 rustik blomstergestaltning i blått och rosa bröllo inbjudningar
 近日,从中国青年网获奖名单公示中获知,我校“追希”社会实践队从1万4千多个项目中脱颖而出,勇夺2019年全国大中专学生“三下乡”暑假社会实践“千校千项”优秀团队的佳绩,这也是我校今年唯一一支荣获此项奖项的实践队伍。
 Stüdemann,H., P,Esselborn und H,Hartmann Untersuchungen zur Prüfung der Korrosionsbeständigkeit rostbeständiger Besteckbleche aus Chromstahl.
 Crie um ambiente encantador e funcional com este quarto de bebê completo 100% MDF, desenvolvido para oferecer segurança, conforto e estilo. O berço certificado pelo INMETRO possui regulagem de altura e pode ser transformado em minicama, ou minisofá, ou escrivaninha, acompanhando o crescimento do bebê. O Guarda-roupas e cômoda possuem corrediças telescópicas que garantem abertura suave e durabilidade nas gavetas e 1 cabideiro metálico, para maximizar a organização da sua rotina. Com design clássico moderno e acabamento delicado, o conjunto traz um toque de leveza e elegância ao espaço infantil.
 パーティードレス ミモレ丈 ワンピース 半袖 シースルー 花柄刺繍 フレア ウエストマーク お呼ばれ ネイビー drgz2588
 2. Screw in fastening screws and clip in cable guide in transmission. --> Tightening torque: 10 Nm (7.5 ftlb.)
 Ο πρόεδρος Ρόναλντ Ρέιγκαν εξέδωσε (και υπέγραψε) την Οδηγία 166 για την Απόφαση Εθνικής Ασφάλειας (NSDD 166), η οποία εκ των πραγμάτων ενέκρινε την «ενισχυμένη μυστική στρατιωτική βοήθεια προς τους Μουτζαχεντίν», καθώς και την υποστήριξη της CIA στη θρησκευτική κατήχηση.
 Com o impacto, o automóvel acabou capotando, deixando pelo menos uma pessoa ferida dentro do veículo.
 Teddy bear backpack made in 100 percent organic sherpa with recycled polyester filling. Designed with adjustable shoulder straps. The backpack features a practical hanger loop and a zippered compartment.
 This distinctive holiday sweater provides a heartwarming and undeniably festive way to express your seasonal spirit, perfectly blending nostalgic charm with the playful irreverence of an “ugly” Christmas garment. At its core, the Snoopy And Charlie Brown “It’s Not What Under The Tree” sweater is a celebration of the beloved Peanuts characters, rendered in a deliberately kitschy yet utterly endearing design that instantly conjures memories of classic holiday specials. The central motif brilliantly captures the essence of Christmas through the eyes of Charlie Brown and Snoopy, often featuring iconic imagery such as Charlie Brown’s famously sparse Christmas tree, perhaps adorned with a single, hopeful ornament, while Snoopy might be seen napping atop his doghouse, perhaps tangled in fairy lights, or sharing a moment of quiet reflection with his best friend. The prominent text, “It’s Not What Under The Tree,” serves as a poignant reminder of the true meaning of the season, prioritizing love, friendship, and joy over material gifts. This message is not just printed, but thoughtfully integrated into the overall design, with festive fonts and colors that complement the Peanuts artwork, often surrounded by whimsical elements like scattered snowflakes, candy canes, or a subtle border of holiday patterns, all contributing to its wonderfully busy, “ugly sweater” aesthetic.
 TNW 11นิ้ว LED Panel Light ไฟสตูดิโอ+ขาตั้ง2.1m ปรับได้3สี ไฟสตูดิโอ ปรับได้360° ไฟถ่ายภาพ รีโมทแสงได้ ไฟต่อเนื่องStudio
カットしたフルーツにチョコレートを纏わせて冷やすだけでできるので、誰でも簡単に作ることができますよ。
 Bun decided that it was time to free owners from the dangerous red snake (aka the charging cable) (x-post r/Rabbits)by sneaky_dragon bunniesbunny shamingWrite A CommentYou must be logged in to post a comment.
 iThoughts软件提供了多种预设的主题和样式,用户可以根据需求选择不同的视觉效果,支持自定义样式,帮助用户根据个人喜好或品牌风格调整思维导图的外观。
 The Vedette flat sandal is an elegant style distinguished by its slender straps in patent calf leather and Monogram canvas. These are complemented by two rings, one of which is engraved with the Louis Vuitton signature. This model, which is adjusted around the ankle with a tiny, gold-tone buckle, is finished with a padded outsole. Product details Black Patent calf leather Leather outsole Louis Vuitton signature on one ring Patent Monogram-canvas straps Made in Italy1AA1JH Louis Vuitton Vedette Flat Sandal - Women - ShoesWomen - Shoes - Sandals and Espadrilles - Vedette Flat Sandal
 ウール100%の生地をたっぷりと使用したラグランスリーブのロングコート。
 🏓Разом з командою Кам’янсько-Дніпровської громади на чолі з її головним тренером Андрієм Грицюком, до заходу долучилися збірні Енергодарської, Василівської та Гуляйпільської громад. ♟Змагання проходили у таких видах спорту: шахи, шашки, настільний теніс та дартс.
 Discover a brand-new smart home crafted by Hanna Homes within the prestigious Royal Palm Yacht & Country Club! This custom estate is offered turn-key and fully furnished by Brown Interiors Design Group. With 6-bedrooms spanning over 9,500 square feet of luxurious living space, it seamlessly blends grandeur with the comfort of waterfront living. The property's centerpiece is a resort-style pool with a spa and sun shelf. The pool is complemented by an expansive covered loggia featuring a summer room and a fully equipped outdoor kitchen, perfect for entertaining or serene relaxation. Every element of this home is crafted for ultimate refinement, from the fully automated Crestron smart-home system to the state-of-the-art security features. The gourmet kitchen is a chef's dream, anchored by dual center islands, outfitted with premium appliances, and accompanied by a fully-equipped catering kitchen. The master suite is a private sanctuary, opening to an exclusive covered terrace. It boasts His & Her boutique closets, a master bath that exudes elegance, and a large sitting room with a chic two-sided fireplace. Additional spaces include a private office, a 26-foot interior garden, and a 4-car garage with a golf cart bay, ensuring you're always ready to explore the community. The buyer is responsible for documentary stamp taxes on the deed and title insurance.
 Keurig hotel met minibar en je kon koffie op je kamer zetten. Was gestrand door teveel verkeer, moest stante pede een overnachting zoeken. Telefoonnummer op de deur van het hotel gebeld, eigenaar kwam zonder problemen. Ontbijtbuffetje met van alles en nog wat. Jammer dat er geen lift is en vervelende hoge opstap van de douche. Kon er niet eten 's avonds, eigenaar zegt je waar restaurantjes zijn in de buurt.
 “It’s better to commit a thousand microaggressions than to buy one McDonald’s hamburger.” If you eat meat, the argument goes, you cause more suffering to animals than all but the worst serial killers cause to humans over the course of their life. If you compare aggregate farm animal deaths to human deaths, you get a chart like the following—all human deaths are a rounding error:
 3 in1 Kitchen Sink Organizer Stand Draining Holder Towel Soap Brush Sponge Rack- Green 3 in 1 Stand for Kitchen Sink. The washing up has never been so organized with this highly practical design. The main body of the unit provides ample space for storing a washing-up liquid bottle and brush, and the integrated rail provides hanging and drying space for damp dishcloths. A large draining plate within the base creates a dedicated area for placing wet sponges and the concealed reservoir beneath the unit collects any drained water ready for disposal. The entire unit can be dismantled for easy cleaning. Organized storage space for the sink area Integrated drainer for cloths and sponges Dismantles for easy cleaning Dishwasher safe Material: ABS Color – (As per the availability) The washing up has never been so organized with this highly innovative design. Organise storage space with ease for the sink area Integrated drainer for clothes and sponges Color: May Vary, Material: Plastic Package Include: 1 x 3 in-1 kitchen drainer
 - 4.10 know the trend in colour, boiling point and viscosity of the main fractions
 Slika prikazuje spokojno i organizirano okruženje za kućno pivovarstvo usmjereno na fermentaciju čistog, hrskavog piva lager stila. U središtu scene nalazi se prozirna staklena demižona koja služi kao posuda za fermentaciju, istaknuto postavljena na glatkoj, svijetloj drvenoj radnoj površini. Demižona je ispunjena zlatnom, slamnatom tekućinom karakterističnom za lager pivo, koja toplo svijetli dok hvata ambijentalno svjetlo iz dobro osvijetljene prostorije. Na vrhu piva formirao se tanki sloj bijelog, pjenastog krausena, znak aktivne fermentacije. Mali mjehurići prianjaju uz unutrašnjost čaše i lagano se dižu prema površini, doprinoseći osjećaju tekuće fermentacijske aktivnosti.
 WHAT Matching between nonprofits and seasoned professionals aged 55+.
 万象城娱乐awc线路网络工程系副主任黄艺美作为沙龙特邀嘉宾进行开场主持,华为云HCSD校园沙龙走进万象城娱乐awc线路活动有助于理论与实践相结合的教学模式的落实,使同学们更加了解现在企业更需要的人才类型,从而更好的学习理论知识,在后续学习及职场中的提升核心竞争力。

-- Work required --
Out of the material above, output word for word the line with "カットしたフルーツにチョコレ", the line with "The Vedette flat", and all lines between them, with nothing else.

-- Written answer --
カットしたフルーツにチョコレートを纏わせて冷やすだけでできるので、誰でも簡単に作ることができますよ。
 Bun decided that it was time to free owners from the dangerous red snake (aka the charging cable) (x-post r/Rabbits)by sneaky_dragon bunniesbunny shamingWrite A CommentYou must be logged in to post a comment.
 iThoughts软件提供了多种预设的主题和样式,用户可以根据需求选择不同的视觉效果,支持自定义样式,帮助用户根据个人喜好或品牌风格调整思维导图的外观。
 The Vedette flat sandal is an elegant style distinguished by its slender straps in patent calf leather and Monogram canvas. These are complemented by two rings, one of which is engraved with the Louis Vuitton signature. This model, which is adjusted around the ankle with a tiny, gold-tone buckle, is finished with a padded outsole. Product details Black Patent calf leather Leather outsole Louis Vuitton signature on one ring Patent Monogram-canvas straps Made in Italy1AA1JH Louis Vuitton Vedette Flat Sandal - Women - ShoesWomen - Shoes - Sandals and Espadrilles - Vedette Flat Sandal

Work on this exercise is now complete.